Edward Said, Palestinian/American intellectual, resident in the US, died of leucaemia on September 25th. A prominent Palestinian activist and a literary critic, he worked as a comparative literature professor at Columbia. He was born in Jerusalem, raised in Cairo and Lebanon, educated in the US and is described as Palestinian Christian.

As an indymedia activist and one of the people who read some of his books and articles, I'm sad that he is gone and will miss his voice. Edward Said showed that there is a way to throw radical critique at the Israeli government without going down the road of antisemitism - and being a renowned he was heard.

Edward Said
Edward Said


His advocacy for the Palestinian cause went beyond intellectual criticism. For academics, Said provided "a model for being engaged in political activities outside the university" (Grant Farred). For example, he helped Yassir Arafat, the PLO leader, to write his 1974 speech before the United Nations. To his fundamental rejection of Zionism, he added the idea of Palestinian-Israeli coexistence. Consequently, he broke with Arafat over the PLO's signing of the 1993 Oslo Accords. Said advocated a single-state solution whereby Jews and Palestinians would live jointly in a nonsectarian nation (boston.com).
Saids activism was the activism of an intellectual. 2 months after ISM activist Rachel Corrie was killed in Gaza, he met her parents and sister and published an article about the meaning of her activism in the US radical intellectual magazine counterpunch.
The only reference to something that bears similarity to „direct action" in a narrow sense was an incident in 2000, when Dr. Said threw a rock (or, as he said, a pebble) at an Israeli guardhouse on the Lebanese border - an action that sparked off controversy. However, Tanweer Akram said that "Professor Said would be proud of the initiatives of the younger generation of Palestinian scholars and activists, and solidarity groups, such as International Solidarity Movement."
In a 1999 Globe interview, Dr. Said was asked whether he ever resented the time he devoted to politics at the expense of his literary work. "I've always felt that if someone was a person of privilege . . . the least you could do was help those who were not as fortunate as you. I've always thought that Palestine was a service . . . not something about political parties or positions or organizations, but rather an individual commitment. Which I don't regret at all."
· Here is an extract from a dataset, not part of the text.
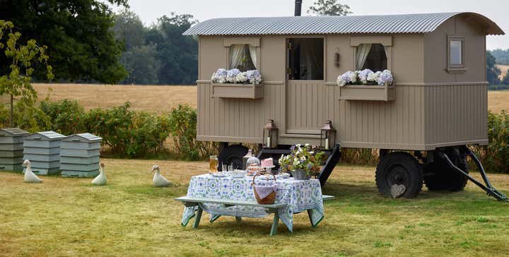 This impressive private country home features a disparate and unique collection of antiques and artworks from across the world. With each room looking out onto the attractive surrounding gardens, Katharine put as much thought into the exterior of the property as the interior. The gardens feature numerous memorable details including a classical, timber-framed, greenhouse; charming chicken coop; attractive formally planted terrace and a prettily decorated traditional Shepherd’s Hut under the trees beyond.

Reading through the obituaries, I get the impression that maintaining friendships must have been an important part of Said's way of live - or, as Ahdaf Soueif puts it, "Edward and his 3,000 close friends".
One of these close friends was the Israeli/Argentinian conductor Daniel Barenboim. Together they set up the "West-Eastern Divan," an orchestra of musicians from across the Middle East which also performed in London. This year, Barenboim played a concert in Ramallah.
Barenboim about Said: "He was one of those rare people who was permanently aware of the fact that information is only the very first step toward understanding. And he always looked for the "beyond" in the idea, the "unseen" by the eye, the "unheard" by the ear."
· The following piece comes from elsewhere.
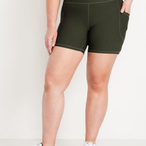 High-Waisted PowerSoft Pocket Biker Shorts — 6-inch inseam: Featuring PowerSoft. Light compression meets a peachy-smooth, sweat-wicking fabric.pull-on waist, side pocket fits your phone, go-dry wicks moisture, #662948

Much of Saids writing is about this "beyond", "unseen", and "unheard", the discourses behind the plain facts. His theory of Orientalism said that false and romanticised images of the Middle East and Asia were used to justify Western colonialism and imperialism there. Said's books include Orientalism, A Question Of Palestine and The End Of The Peace Process.
A 1984 article for the London review of books is titled „Permission to Narrate". „These three words described what Said felt was most denied to the Palestinians by the international media, the power to communicate their own history to a world hypnotised by a mythological Zionist narrative of an empty Palestine."
With this phrase in mind, the web-team of the Palestinian Birzeit University set about creating their own realisation of „permission to narrate" by starting their own website in 1995. One of their first media experiments was an online diary about Ramallah. One of the team: „For the first time, I deeply experienced the potential of the Internet to empower those without a voice."
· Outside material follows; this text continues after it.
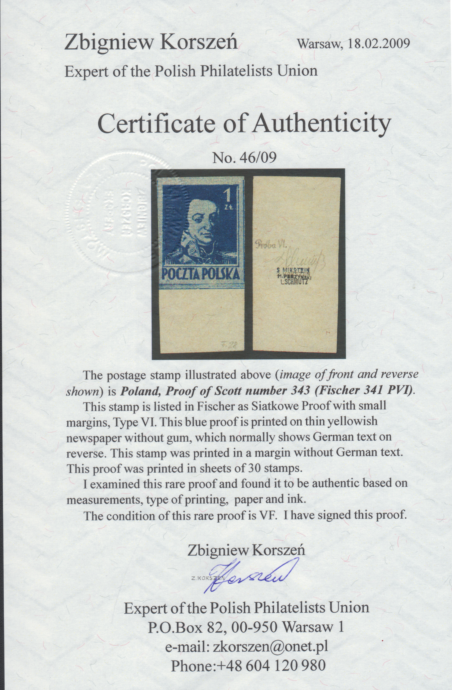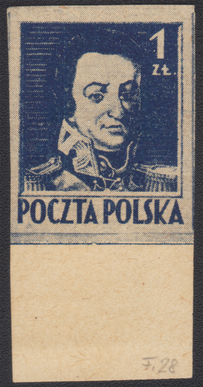 1944 Wodzowie - T.Kościuszko, próba arkuszowa znaczka za 50 gr. - poz.20, zagwarantowana i zaatestowana jako typ VI - z opiłowanymi marginesami, ma cechy obu rodzajów prób, nieostry nieco "rozmazany" rysunek charakterystyczny dla prób typu VI, biały cienki papier typowy dla prób typu V z nieopiłowanymi marginesami - spośród prób typu VI na takim papierze katalogowane są tylko próby znaczka za 25 gr. w kolorach jasnopomarańczowym, pomarańczowym i pomarańczowoczerwonym, gwarancja Mikstein, z oznaczeniem "340VI" Schmutz, gwarancja i fotoatest. | Fi.340 PV Mi.381 |

I am part of a different media experiment - indymedia, an open platform for people to raise their own voices, tell their own stories, especially those who are denied „permission to narrate". Sometimes I'm shocked to see how the outrage against the Israeli government turns into antisemitic rants. Indymedia gives a space to disseminate stories - including rants and misinformation. For me, Edward Said's now sadly completed work stands out as one signpost in the whirlwind of the newswires - pointing to the "beyond" in the idea, the "unseen" by the eye, the "unheard" by the ear.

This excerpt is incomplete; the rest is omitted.